We will consider three usefull building-blocks of sklearn:
- Estimators 
- Transformers 
- Pipeline


### 1. Estimators

Models, aka estimators, are objects which perform model estimation. They have 2 main methods:

* Method `fit()`:
    - takes as input design matrix `X` and target values `y`
    - `X` is supposed to have the shape `(n_samples, n_features)`
    - for unsupervised models `y=None` by default
    - trains the model (aka finds optimal parameters)
    
* Method `predict()`:
    - takes as input design matrix `X`
    - returns predicted target values
    - makes sense to use it **after** the `fit()`
     

In [2]:
#Consider toy dataset
X = np.array([[ 1,  2,  3], [11, 12, 13]])
y = np.array([2.1, 11.9])
print(X.shape, y.shape)

X_test =  np.array([[ 2, 3, 4]])
print(X_test.shape)

(2, 3) (2,)
(1, 3)


`LinearRegression()` - is an example of an estimator. You'll find out more about this model next week.

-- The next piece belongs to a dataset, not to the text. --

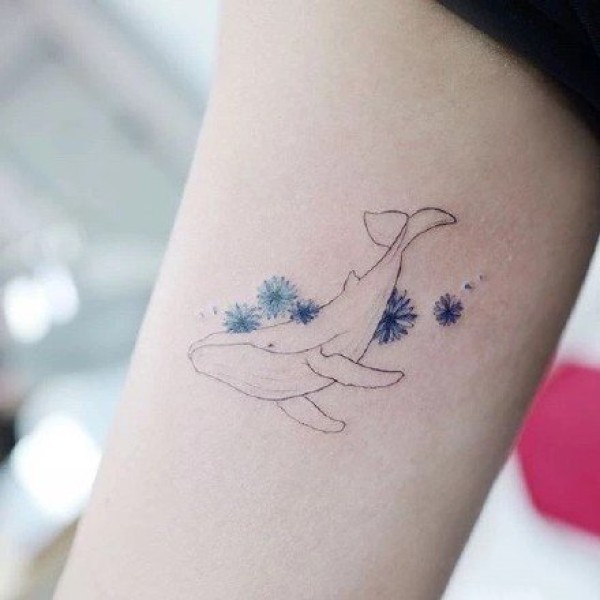 萌萌的鲸鱼纹身--适合女生的小清新鲸鱼纹身图案作品

Fit linear regression and predict target variable for the test dataset

In [3]:
from sklearn.linear_model import LinearRegression

# Init the model and set all the hyperparameters (if there are any)
lr = LinearRegression()
# Train the model
lr.fit(X, y)

# make a prediction
lr.predict(X_test)

array([3.08])

### 2. Transformers

Objects, which are mostly used to pre-process and transform the data. It's interface is very similar to estimators, but they have method `transform` instead of `predict`.

     
Most sklearn transformers can be found in the following modules:
- [sklearn.impute](https://scikit-learn.org/stable/modules/impute.html#impute) --- missing values imputation
- [sklearn.preprocessing](https://scikit-learn.org/stable/modules/preprocessing.html#preprocessing) --- scaling, centering, normalization and binarization

We will discuss some of them in the course.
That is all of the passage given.